> TO DO
Output the entries exactly as they appear. Pictures should not be included.

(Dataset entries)
Start of Block

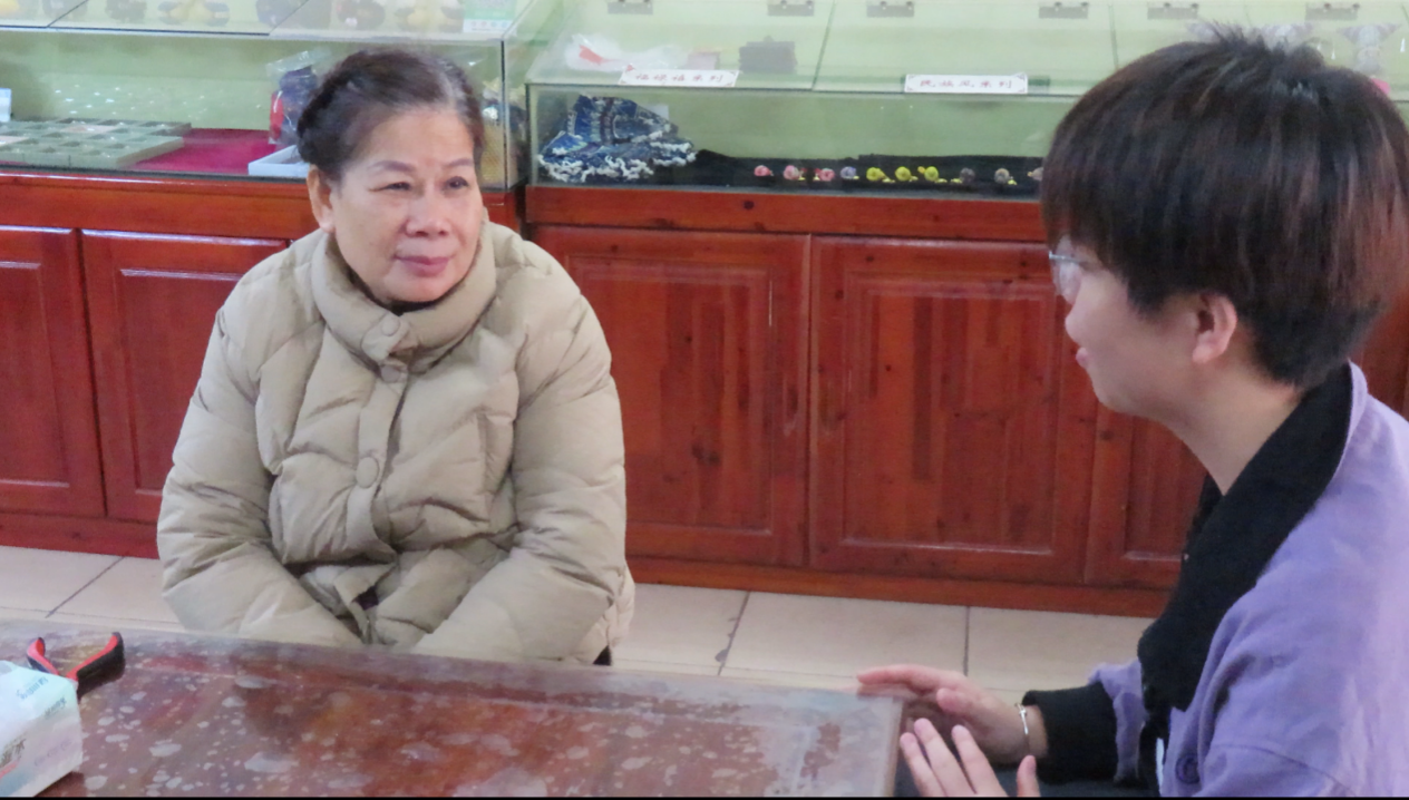 (麽乜制作技艺非遗传承人黄桂珍(左一)向团队介绍麽乜的发展现状,摄影:黄李蜜儿)
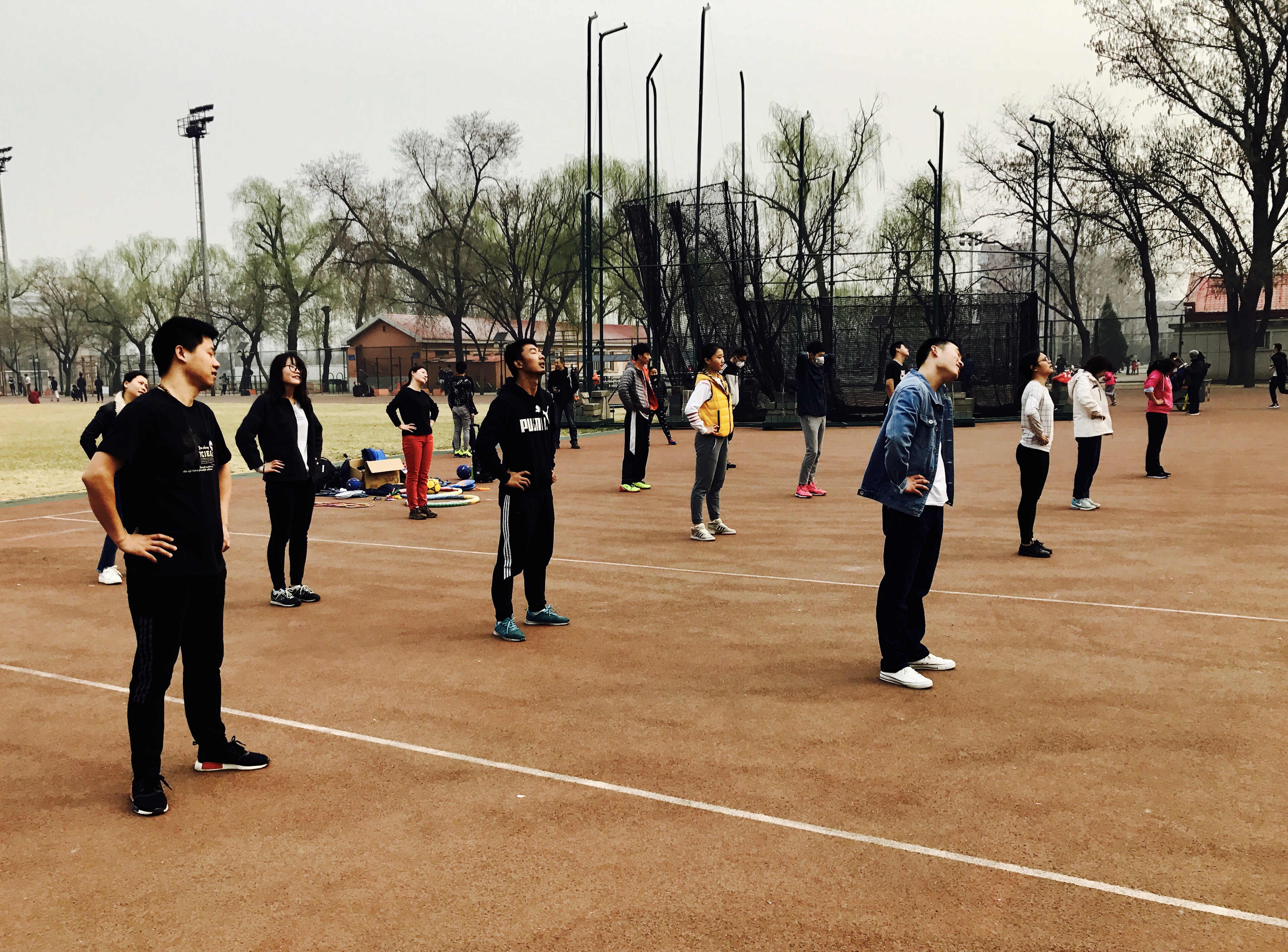 九点半,小部员们来到了操场,有些开始热身以吸引周围的人前来一起运动,有些则上前号召大家一起参与。伴随着大家的热情,越来越多的人加入了我们的队伍。
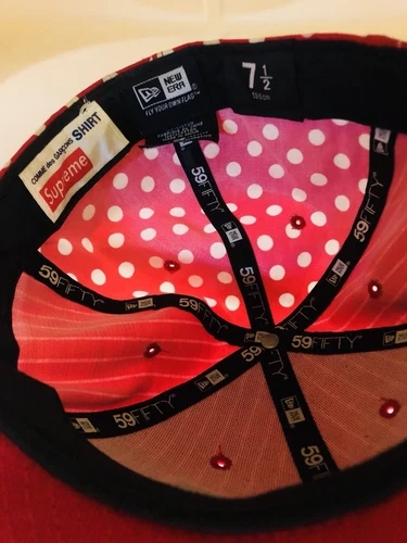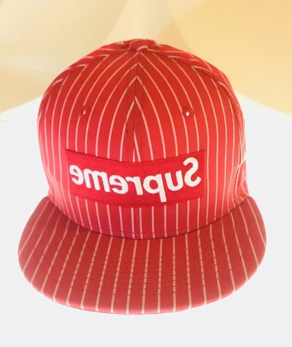 Item in Excellent Condition. Worn 3 times. Guaranteed 100% Authentic. The picture you see is exactly the item you get. Color: Red with White stripes and polka dots. Size: 7 1/2 (Around Head: 60cm / 23.5”). Material: 100% cotton. This is a collaboration "NEW ERA CAP 5950" of SUPREME and COMME des GARCONS from the Spring/Summer 2014 release. Features an embroidered inverted BOX logo on the front. The front half of the cap, including the brim, has a white stripe pattern, while the back half of the dome has a polka dot pattern. Feel free to message if you have any questions!
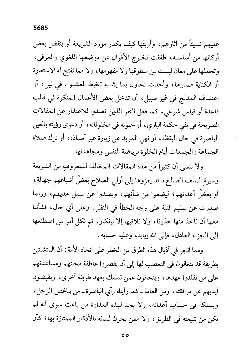 عليهم شيئاً من آثارهم، وأريتَها كيف يكدر مورد الشريعة أو ينقض بعض أركانها من أساسه، طفقت تخرج الأقوال عن موضعها اللغوي والعرفي، وتحملها على معان ليست من منطوقها ولا مفهومها، ولا مما تفتح له الاستعارة أو الكناية صدرها، وأخذت تحاول بما يشبه تخبط العشواء في ليل، أو اعتساف المدلج في غير سبيل، أن تدخل بعض الأعمال المنكرة في قالب قاعدة أو قياس شرعي، كما فعل النفر الذين تصدوا للاعتذار عن المقالات الصريحة في نفي حكمة الباري، أو حلوله في مخلوقاته، أو دعوى رؤيته بالعين الباصرة في حال اليقظة، أو نهي المريد عن زيارة غير أستاذه، أو ترك صلاة الجماعة والجمعات أيام الخلوة لرياضة النفس ومجاهدتها.
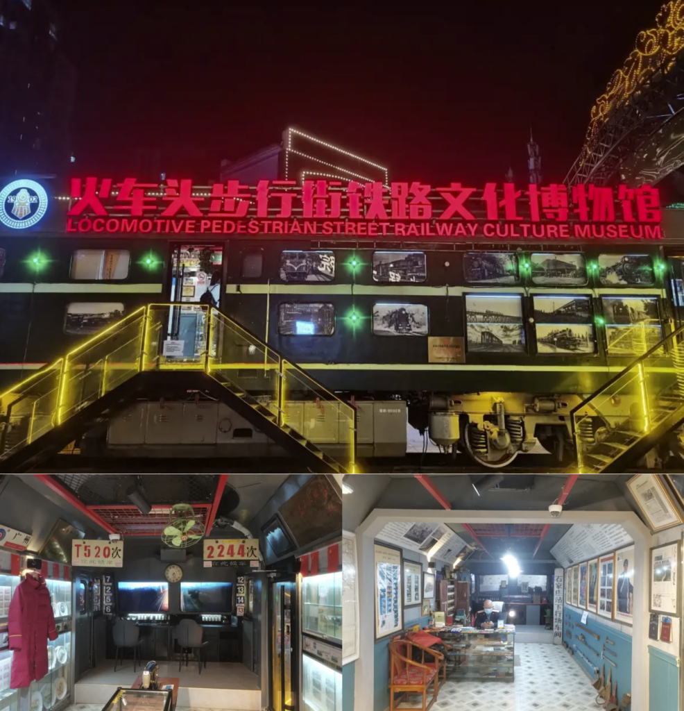 緊鄰機車的一節退役綠皮火車,被改造為免費開放的鐵路歷史展覽館,館內陳列著舊車票、信號燈等各類鐵路老物件,直觀展現了鐵路發展的歷史脈絡。
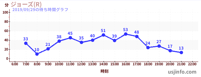 • ジョーズ(R)$B$N(B2019年09月29日の待ち時間
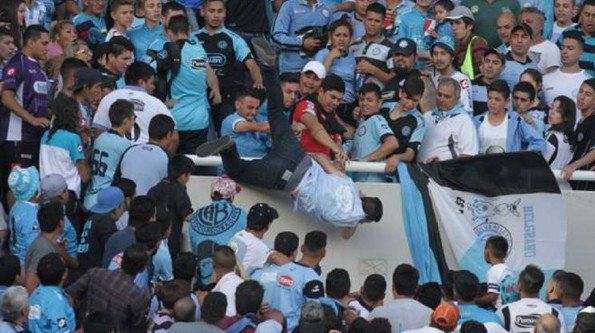 En ese momento un grupo comienza a atacarlo, pero es alcanzado y luego arrojado al vacío desde una de las tribunas, cayendo desde una altura de más de tres metros.

End of Block

> EXERCISE RESPONSE
 (麽乜制作技艺非遗传承人黄桂珍(左一)向团队介绍麽乜的发展现状,摄影:黄李蜜儿)
 九点半,小部员们来到了操场,有些开始热身以吸引周围的人前来一起运动,有些则上前号召大家一起参与。伴随着大家的热情,越来越多的人加入了我们的队伍。
 Item in Excellent Condition. Worn 3 times. Guaranteed 100% Authentic. The picture you see is exactly the item you get. Color: Red with White stripes and polka dots. Size: 7 1/2 (Around Head: 60cm / 23.5”). Material: 100% cotton. This is a collaboration "NEW ERA CAP 5950" of SUPREME and COMME des GARCONS from the Spring/Summer 2014 release. Features an embroidered inverted BOX logo on the front. The front half of the cap, including the brim, has a white stripe pattern, while the back half of the dome has a polka dot pattern. Feel free to message if you have any questions!
 عليهم شيئاً من آثارهم، وأريتَها كيف يكدر مورد الشريعة أو ينقض بعض أركانها من أساسه، طفقت تخرج الأقوال عن موضعها اللغوي والعرفي، وتحملها على معان ليست من منطوقها ولا مفهومها، ولا مما تفتح له الاستعارة أو الكناية صدرها، وأخذت تحاول بما يشبه تخبط العشواء في ليل، أو اعتساف المدلج في غير سبيل، أن تدخل بعض الأعمال المنكرة في قالب قاعدة أو قياس شرعي، كما فعل النفر الذين تصدوا للاعتذار عن المقالات الصريحة في نفي حكمة الباري، أو حلوله في مخلوقاته، أو دعوى رؤيته بالعين الباصرة في حال اليقظة، أو نهي المريد عن زيارة غير أستاذه، أو ترك صلاة الجماعة والجمعات أيام الخلوة لرياضة النفس ومجاهدتها.
 緊鄰機車的一節退役綠皮火車,被改造為免費開放的鐵路歷史展覽館,館內陳列著舊車票、信號燈等各類鐵路老物件,直觀展現了鐵路發展的歷史脈絡。
 • ジョーズ(R)$B$N(B2019年09月29日の待ち時間
 En ese momento un grupo comienza a atacarlo, pero es alcanzado y luego arrojado al vacío desde una de las tribunas, cayendo desde una altura de más de tres metros.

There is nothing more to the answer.